There's a post I made: (Perl-related, but it's a universal topic) Re: Shocking Imprecision (PerlMonks), and of course the canonical What Every Computer Scientist Should Know About Floating Point Math, both which discuss the topic. The latter is far more detailed.

Answer 4

We're discussing here about smoke. If nothing changed in the environment an expression like:

a = b + c + d

MUST ALWAYS RETURN THE SAME VALUE IF INPUTS AREN'T CHANGED.

No rounding errors. No esoteric pragmas, nothing at all.

If you check your bank account today and tomorrow (and nothing changed in that time) I suspect you'll go crazy if you see something different. We're speaking about programs, not random number generators!!!

Answer 5

Let me try to answer the question I suspect that you meant to ask. If I have mistaken your intent, then you can disregard the answer.

Suppose that I have the numbers u = 500.1 and v = 5.001, each to four decimal places of accuracy. What then is w = u + v? Answer, w = 505.101, but to four decimal places, it's w = 505.1.

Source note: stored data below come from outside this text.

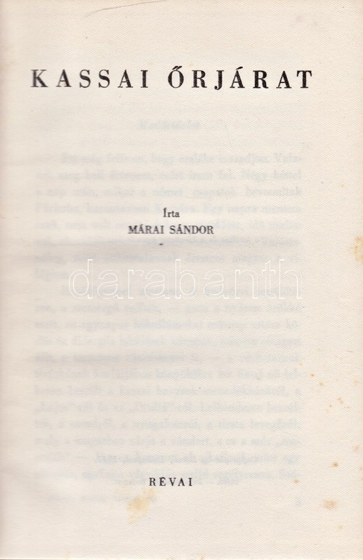 (Budapest, 1941). Révai (ny.... https://www.darabanth.com/en/466-Online-auction/466.0/Books/Books-Other-rarities~500042/Marai-Sandor-Kassai-orjarat-Esszek-Budapest-1941-Revai-ny-203-plus-1-p-Elso-kia~II3124471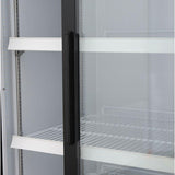 MXM2-48RSHCMaxx Cold two section glass merchandiser refrigerator with self-closing sliding doors is ideal for displaying a wide variety of beverages, storing take-out food as well as increasing impulse sales. The double door merchandiser utilizes environmentally friendly R290 refrigerant and designed with energy efficient components. The bright white LED interior lighting illuminates the cabinet interior and the double pane glass doors prevent fog and reduce condensation always providing end users and operators quick access and visibility. The double doors conveniently slide open for quick access then automatically close, and seal shut with the robust magnetic door gaskets. The powerful compressor, thick and efficient foamed-in-place insulation, and precise digital temperature controller keep all your beverages such as soda, beer, energy drinks, milk and juice at the exact temperature. Additional features include heavy duty coated shelves with stainless steel shelf clips, standard door locks, and adjustable feet. Merchandisers are constructed of high quality commercial components and materials that meet strict UL and NSF commercial standards. Glass door merchandisers can be installed at any restaurant, take-out establishment, convenience store, hotel, concession stand, deli, café, grocery or retail store and can even be installed in your home kitchen, game room and garage.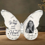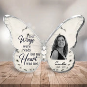 Personalized Memorial Photo Butterfly Acrylic Plaque - Memorial Gift Idea For Family Member/Mother's Day - Your Wings Were Ready But My Heart Was Not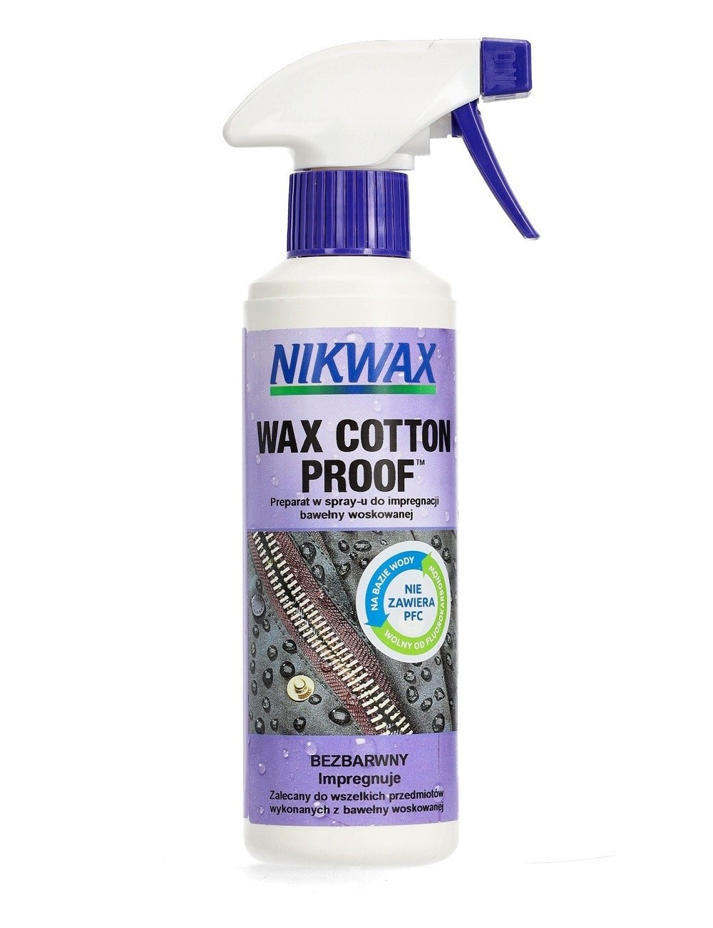 Nikwax Wax Cotton Proof praktiškame ir patogiame dozatoriaus buteliuke leidžia greitai ir efektyviai apsaugoti medvilninius drabužius nuo vandens. Jis skirtas vaškuotiems medvilniniams drabužiams. Jis suteikia ir atgaivina atsparumą vandeniui, tuo pačiu atnaujindamas drabužių išvaizdą net ir po ilgo naudojimo. Jis taip pat pagerina audinio laidumą orui. Nikwax Wax Cotton Proof atsparumo vandeniui procesas yra neįtikėtinai greitas ir paprastas. Tiesiog gausiai apipurkškite drabužį ir įtrinkite šluoste arba kempine. Atsparumas vandeniui yra visiškai saugus sąlytyje su oda. Talpyklos dydis: 300 ml.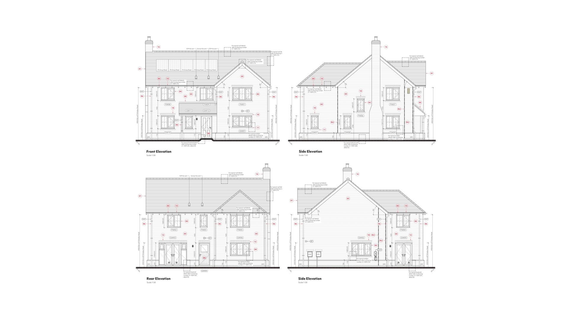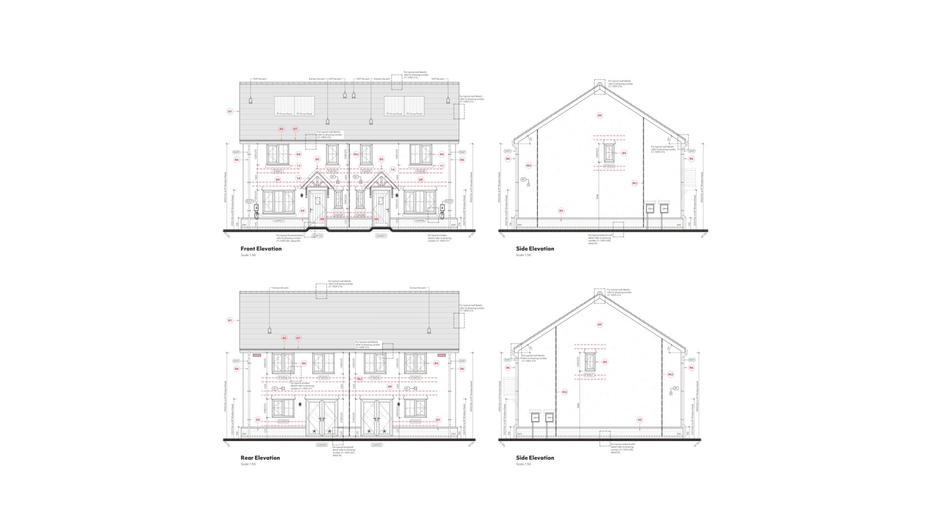 Nine new homes extend the Essex village of Steeple Bumpstead with traditional character. Working with Aviary Homes, we delivered a detailed technical drawing package that helped achieve the development’s high-quality elevational finish.

Now consider x = w - u = 5.000, which should equal v, but doesn't quite.

If I only change the order of operations however, I can get x to equal v exactly, not by x = w - u or by x = (u + v) - u, but by x = v + (u - u).

Is that trivial? Yes, in my example, it is; but the same principle applies in your example, except that they aren't really decimal places but bits of precision.

In general, to maintain precision, if you have some floating-point numbers to sum, you should try to add the small ones together first, and only bring the larger ones into the sum later.